Content Page for the Barcelona city in Barcelona province of country Spain in English Language .

example.com/en/spain/barcelona/barcelona/taxis Points to CountryController productAction

Content Page for the product in Barcelona city , Barcelona province of country Spain in English Language .

Yes we can add a route like

$router = $ctrl->getRouter();
$router->addRoute(
    'country_spain',
    new Zend_Controller_Router_Route('spain',
                                     array('controller' => 'country',
                                           'action' => 'index'))
);

But in this case we need to add the whole list of countries to the route. ie india , china , pakistan , unitedstates etc .

Then will be adding country_province

$router = $ctrl->getRouter();
$router->addRoute(
    'country_spain_barcelona',
    new Zend_Controller_Router_Route('spain',
                                     array('controller' => 'country',
                                           'action' => 'province'))
);

So if we have 50 province it will be horrible to add count of countries multiplied by count of provinces for the countries , and this will become more routes when moving to city and products.

You may say add something like

$router = $ctrl->getRouter();
$router->addRoute(
    'country',
    new Zend_Controller_Router_Route('country/:country/:province/:city/:product',
                                     array('controller' => 'country',
                                           'action' => 'index'))
);

But in this case its like we will be pointing to same action, but as the view of the requests change, and this will become a fat controller .

The problem with Zend_Controller_Router_Route_Regex is we should have something like example.com/en/country/spain/barcelona/barcelona/taxis and also the all moves to a single action.

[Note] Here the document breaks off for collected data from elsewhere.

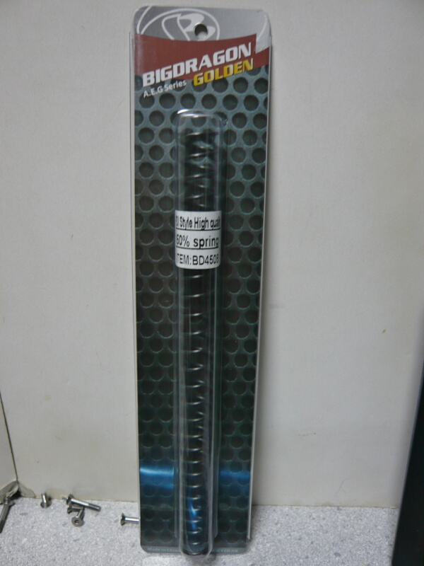 スプリングを調達してきたのでDSGを入れたG&G CM16の初速を復活させます。お座敷なので初速60m/s台でも十分なのですが、やっぱり80台は出てないと本当にただ入れただけだし、他の人の参考にもならんし・・・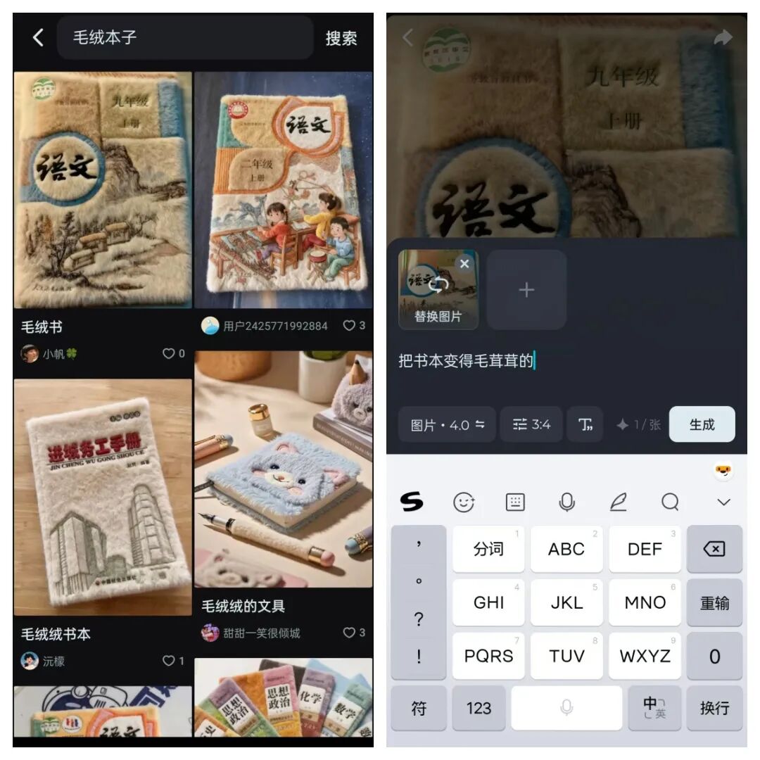 手机打开即梦,然后搜毛绒本子这个关键词,就可以看到很多别人做好的效果了,然后点做同款,上传你要做的封面图片,很快就可以生成和上面差不多的效果了。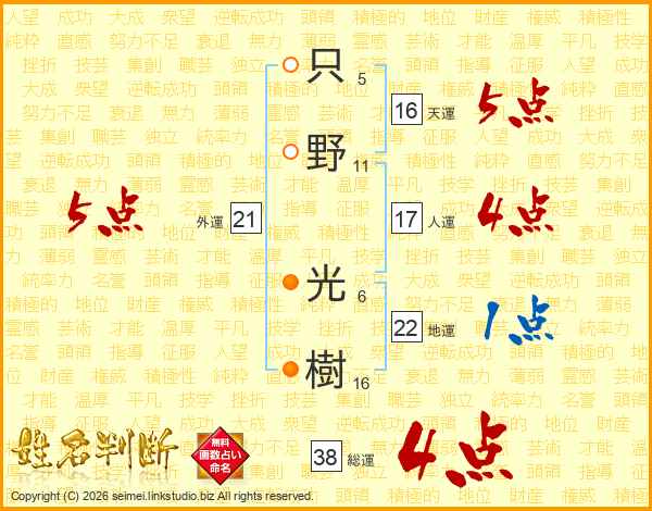 只野光樹さんの総運は38画の4点!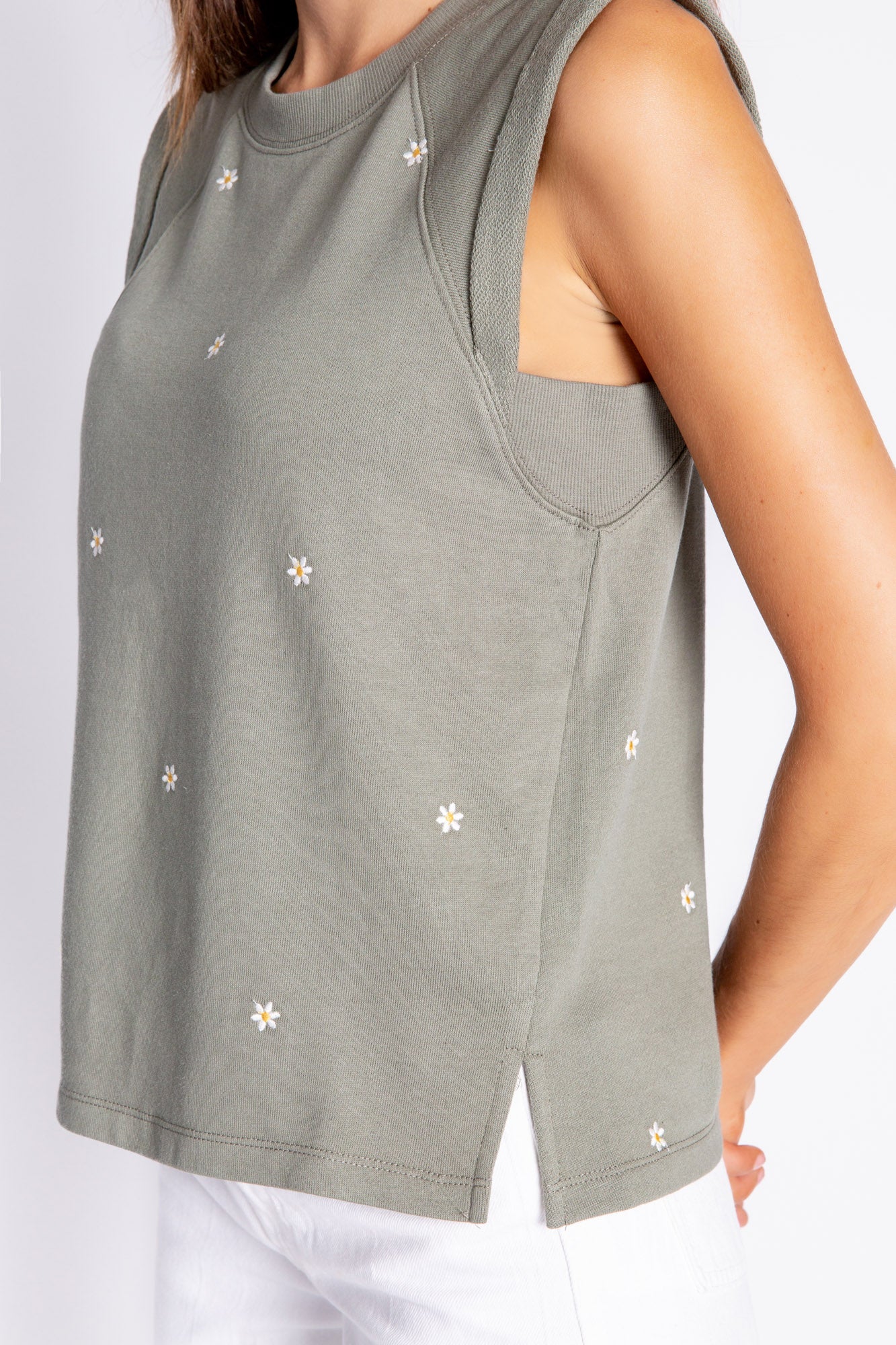 DESCRIPTION: You will love this Happy Vibes Tank from PJ Salvage! The tank top shape is perfect - with armholes cut just right, with turn-back detail, and side slits to tuck in or wear out. A perfect warm-weather tank in cotton-blend with mini floral embroidery.
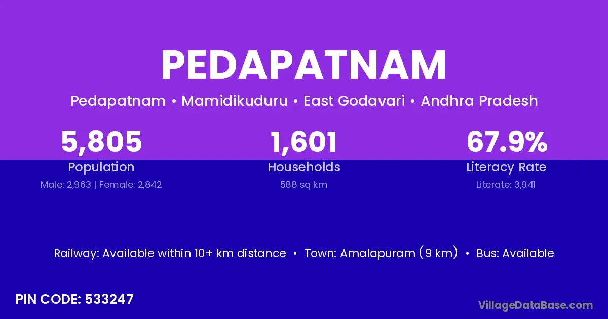 Machilipatnam (20 km) is the nearest town to Pedapatnam village for major economic activities and is located approximately 20 km away.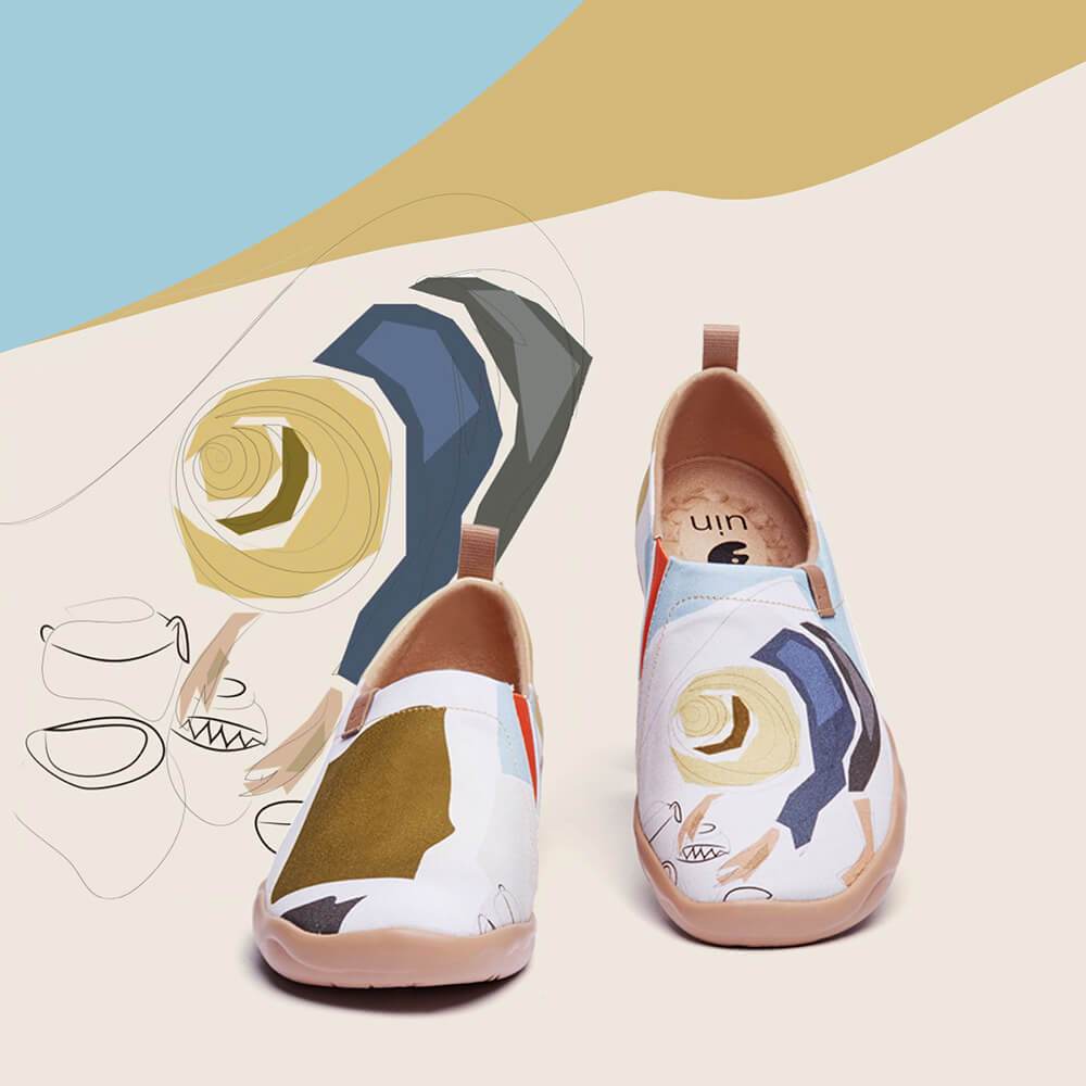 The Fishing is an artistic depiction of modern art elements combined with glips of Spanish everyday wonders. The dominant, white shoe background brings a peaceful, calm atmosphere, that matches a variety of casual outfit choices. The asymmetrical portrayal of both shoe patterns emanates with vivid aesthetical impressions that certainly capture attention.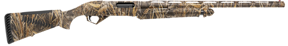 Available in 26- and 28-inch barrel lengths, the SuperNova in Realtree Max-7 can be summed as everything you need and nothing you don't. Chambered in 3 1/2-inch magnum, the shotgun features an enlarged trigger guard (30-percent more finger room) for gloved hands, a forend shell-stop button, and Benelli's ComforTech recoil reduction system, which reduces felt recoil and helps keep the shooter on target when the action is fast.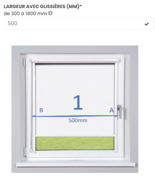 Exemple : Largeur pour 500mm, ne rien ajouter ou déduire aux mesures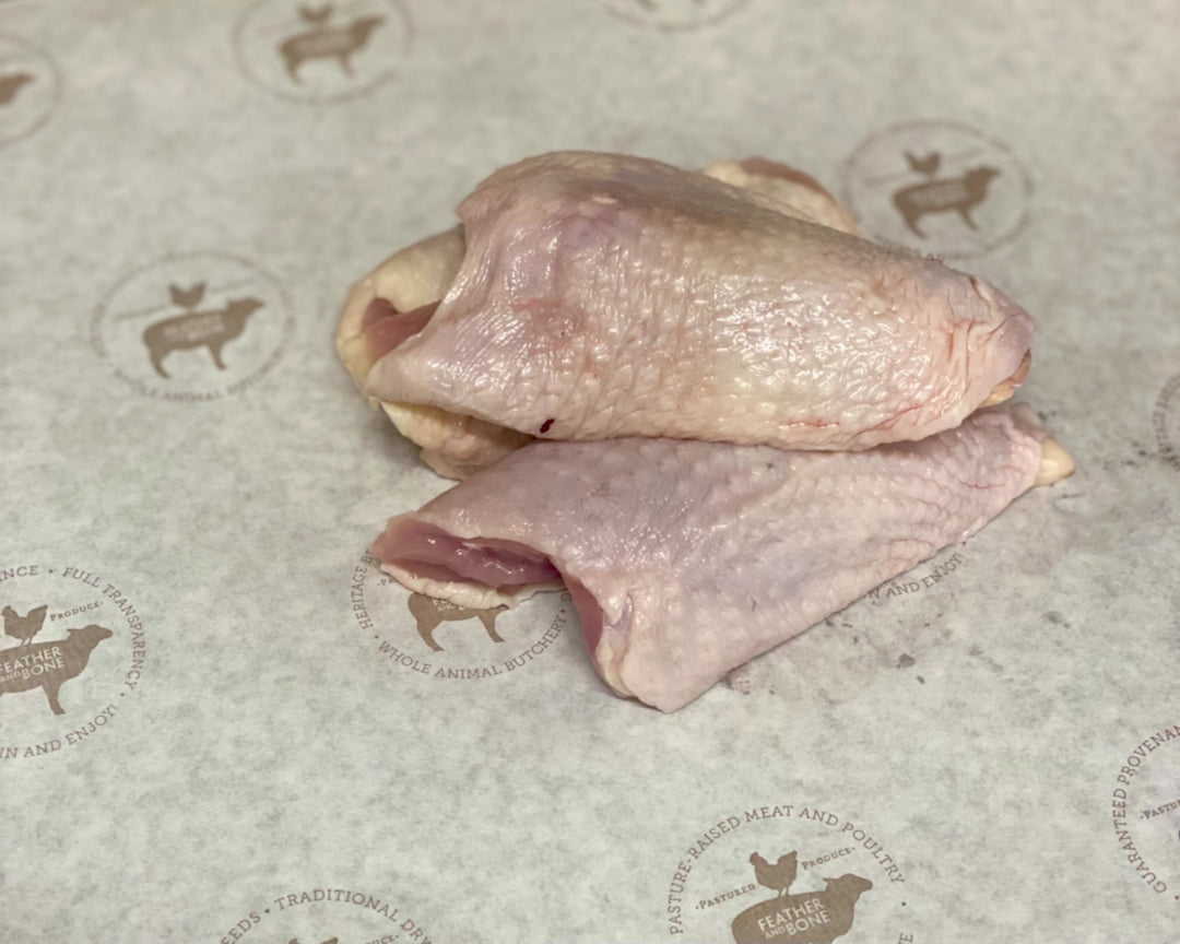 We offer certified organic, white broiler chickens and Grassland Sommerlad Heritage breed chickens. All our poultry is pasture-raised on chemical-free, regeneratively-managed pastures, all feed is medication-free and the birds are processed without bleach or chemicals.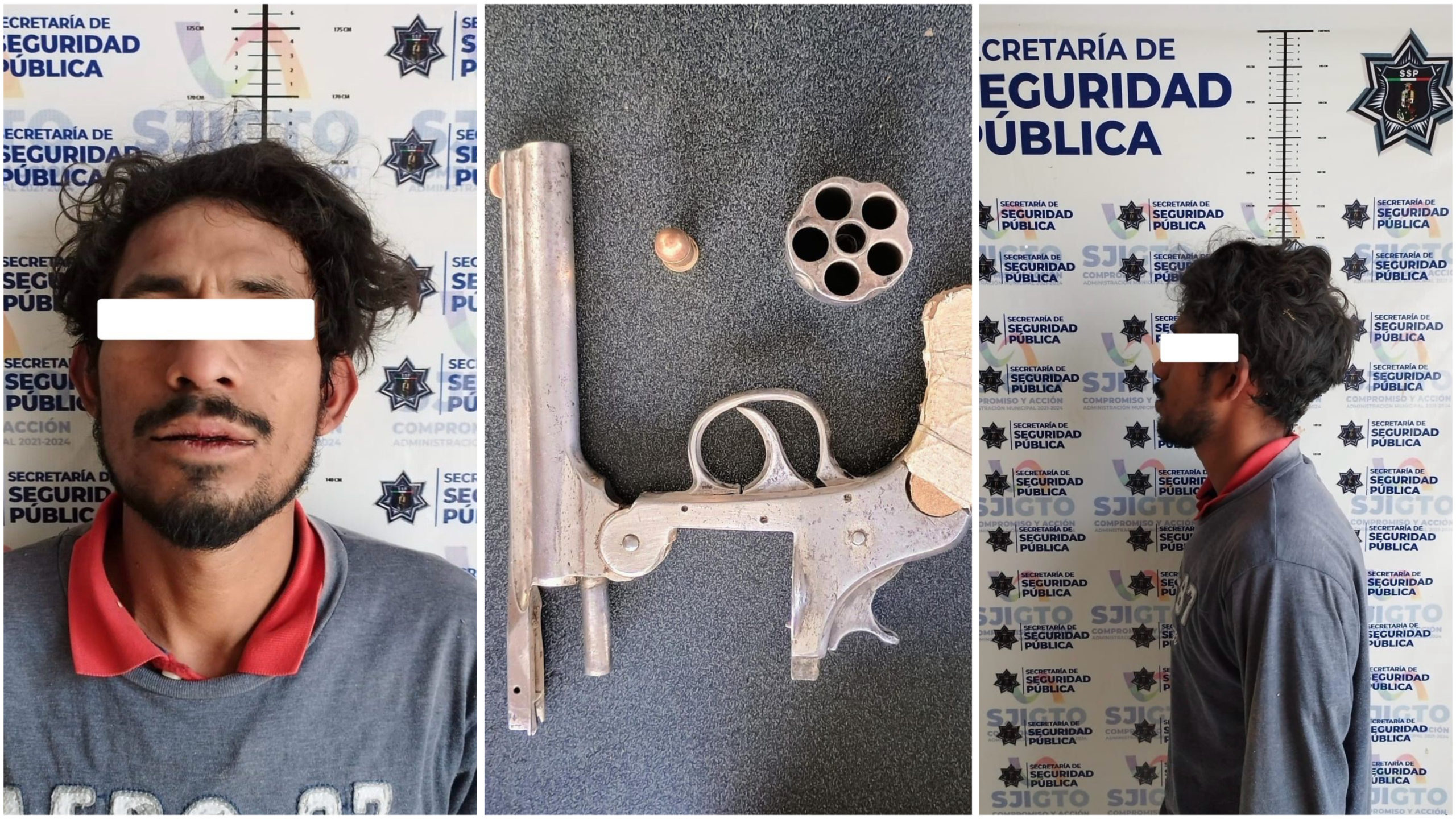 A continuación, los policías proceden a realizarle una revisión a quien se identificó como Miguel Ángel “M”, a quien le hallaron un arma tipo revólver fajada en la cintura, dicha pistola es calibre ‘38 , abastecida con un proyectil.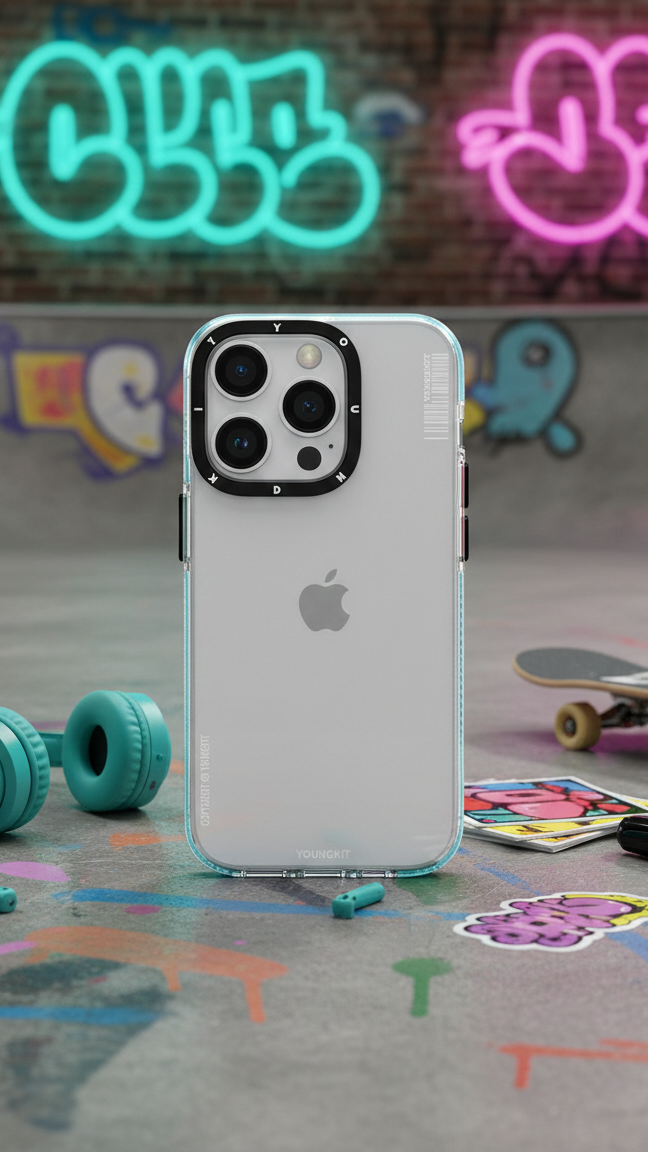 قاب Youngkit با بدنه ی شفاف مات و دور آبی جذاب، زیبایی اصلی آیفون شما را حفظ میکند و در عین حال جلوهای مدرن و خیابانی (Street Style) به آن میدهد. فریم دور لنز با طراحی گرافیکی خاص، گوشی شما را کاملاً متمایز از بقیه نشان میدهد.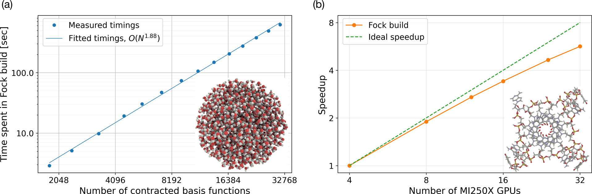 Two separate scaling aspects of the GPU implementation of the ERI-part of the Fock matrix construction can be shown: (a) a system size scaling illustrated by the wall times (in seconds) on a single GPU node obtained for spherical water clusters of varying sizes (the inset shows the largest cluster). (b) a strong scaling with respect to the number of GPUs (each with two GCDs), illustrated here by a G-quadruplex including all nucleotides where the phosphate group has been neutralized by adding a hydrogen. See Li et al. (2025) for further details.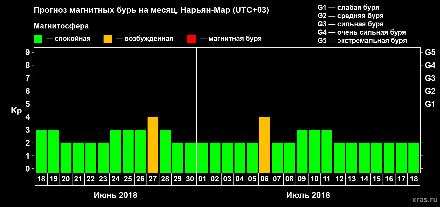 Прогноз магнитных бурь в Нарьян-Маре на 18 июня 2018 года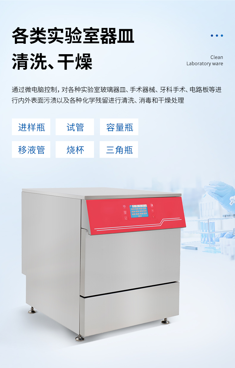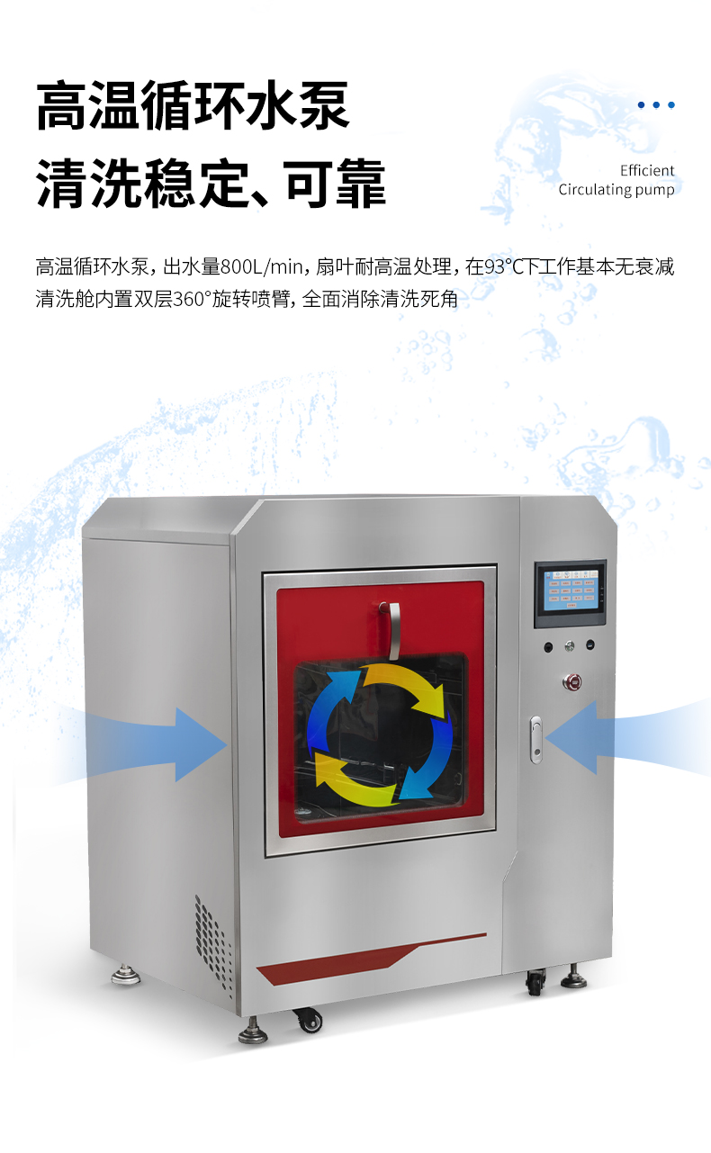 1.1全自動(dòng)清洗設(shè)備,利用高溫、高壓水持續(xù)噴淋器皿內(nèi)外表面,結(jié)合清洗液的作用,清潔器皿內(nèi)外污物,進(jìn)水、清洗、排水、烘干全自動(dòng)完成,無(wú)需人工干預(yù);

As the view is entirely different, it becomes dirty. May be something like partials I can use. But I wonder whether there is another good solution for the problem to solve this. This is a legacy project, so I have limitations on it and #ZF version is 1.6.

There is an example something similar

http://www.travelportal.info/ http://www.travelportal.info/asia http://www.travelportal.info/asia/india http://www.travelportal.info/asia/india/business-currency-economy

How do you think, they have done this, will they have added routes atleast for asia , europe like that ?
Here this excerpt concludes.